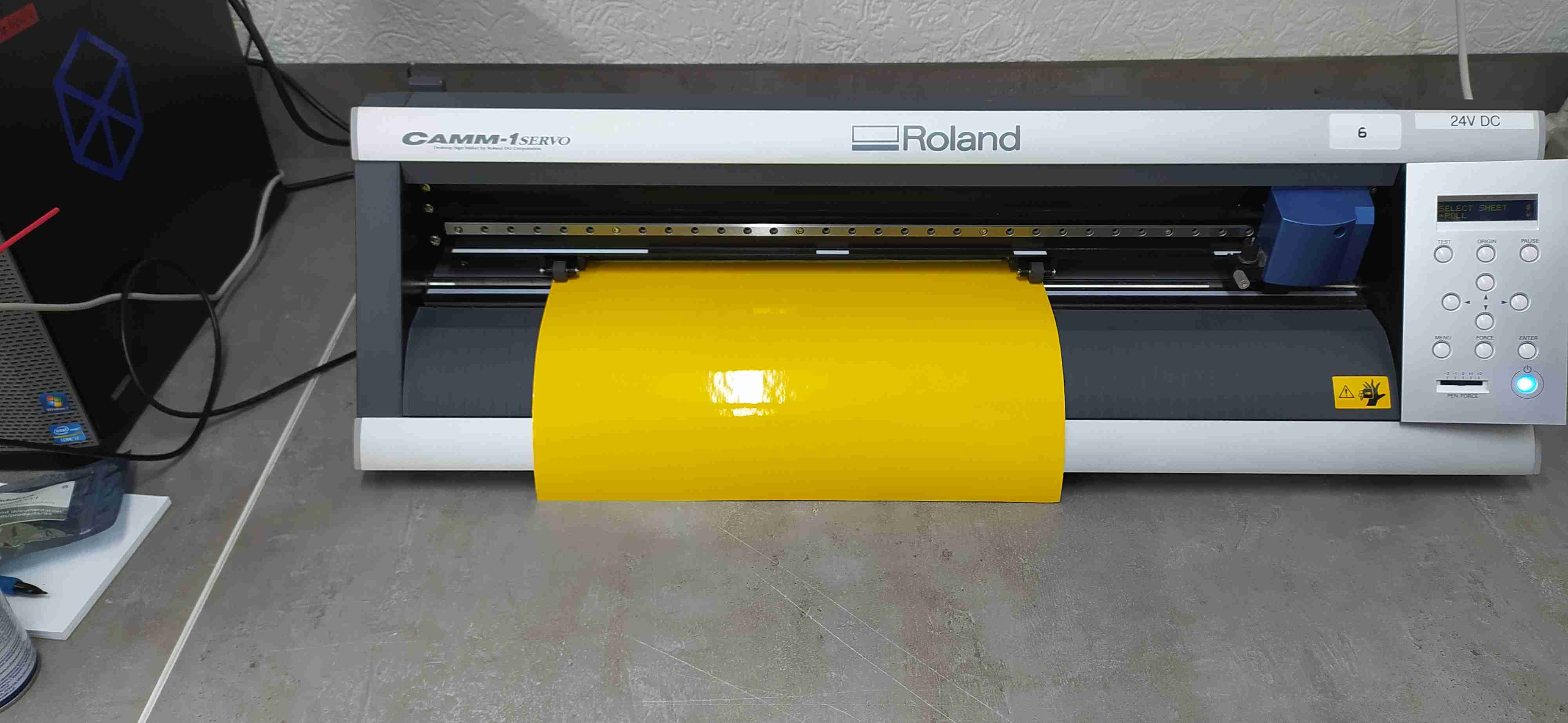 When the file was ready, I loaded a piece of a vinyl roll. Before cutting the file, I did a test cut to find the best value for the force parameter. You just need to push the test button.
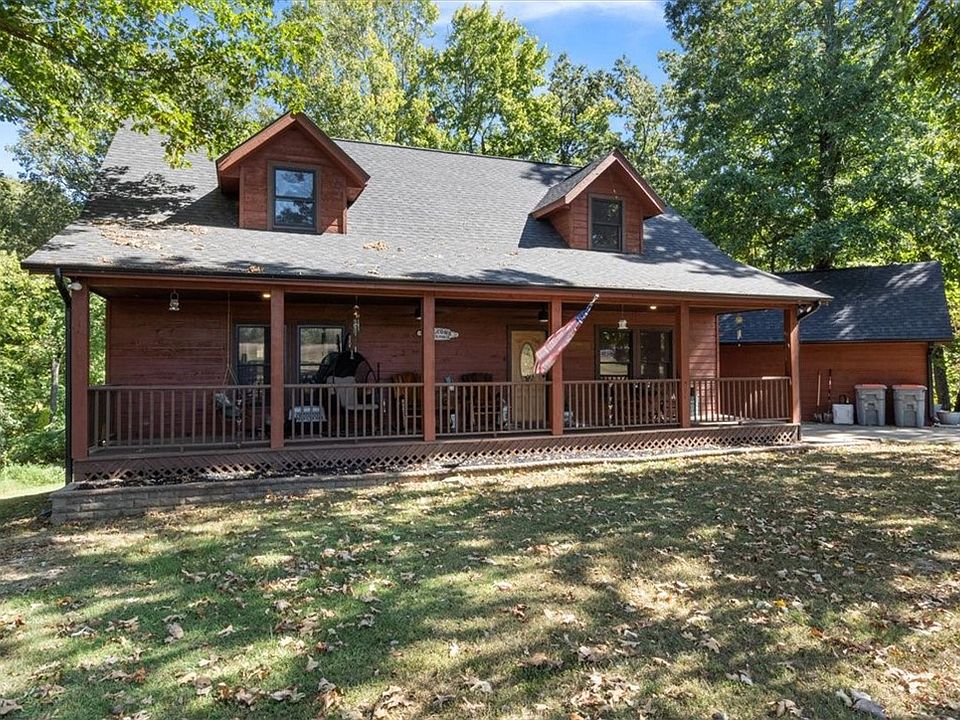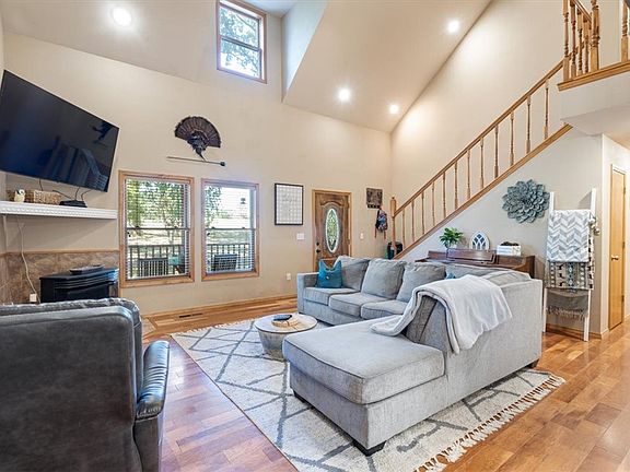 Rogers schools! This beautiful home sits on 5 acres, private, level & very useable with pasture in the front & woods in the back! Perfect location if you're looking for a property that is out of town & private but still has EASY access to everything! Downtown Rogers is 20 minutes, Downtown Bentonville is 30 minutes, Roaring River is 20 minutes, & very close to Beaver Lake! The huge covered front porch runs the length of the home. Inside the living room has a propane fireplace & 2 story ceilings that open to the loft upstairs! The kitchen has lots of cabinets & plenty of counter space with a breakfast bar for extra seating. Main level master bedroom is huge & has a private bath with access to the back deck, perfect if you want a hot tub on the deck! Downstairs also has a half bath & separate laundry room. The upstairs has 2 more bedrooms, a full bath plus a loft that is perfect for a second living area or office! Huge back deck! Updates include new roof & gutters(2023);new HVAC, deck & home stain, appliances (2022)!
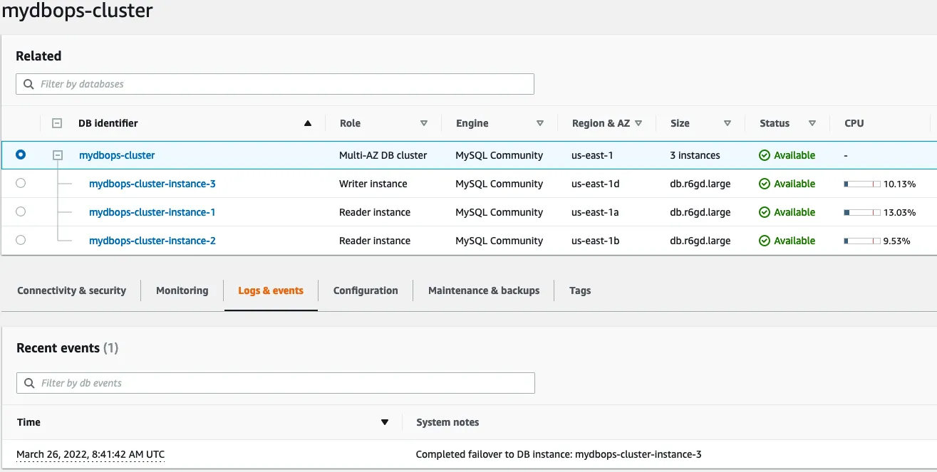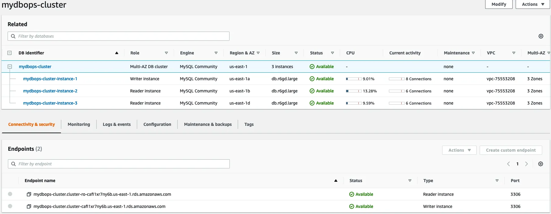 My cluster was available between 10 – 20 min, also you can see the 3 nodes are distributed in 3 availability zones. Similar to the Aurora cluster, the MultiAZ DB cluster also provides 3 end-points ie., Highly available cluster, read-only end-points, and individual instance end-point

**WHAT IS BEING ASKED:** Please copy the lines above exactly as written, apart from any pictures.

**WORKED SOLUTION:**
 When the file was ready, I loaded a piece of a vinyl roll. Before cutting the file, I did a test cut to find the best value for the force parameter. You just need to push the test button.
 Rogers schools! This beautiful home sits on 5 acres, private, level & very useable with pasture in the front & woods in the back! Perfect location if you're looking for a property that is out of town & private but still has EASY access to everything! Downtown Rogers is 20 minutes, Downtown Bentonville is 30 minutes, Roaring River is 20 minutes, & very close to Beaver Lake! The huge covered front porch runs the length of the home. Inside the living room has a propane fireplace & 2 story ceilings that open to the loft upstairs! The kitchen has lots of cabinets & plenty of counter space with a breakfast bar for extra seating. Main level master bedroom is huge & has a private bath with access to the back deck, perfect if you want a hot tub on the deck! Downstairs also has a half bath & separate laundry room. The upstairs has 2 more bedrooms, a full bath plus a loft that is perfect for a second living area or office! Huge back deck! Updates include new roof & gutters(2023);new HVAC, deck & home stain, appliances (2022)!
 My cluster was available between 10 – 20 min, also you can see the 3 nodes are distributed in 3 availability zones. Similar to the Aurora cluster, the MultiAZ DB cluster also provides 3 end-points ie., Highly available cluster, read-only end-points, and individual instance end-point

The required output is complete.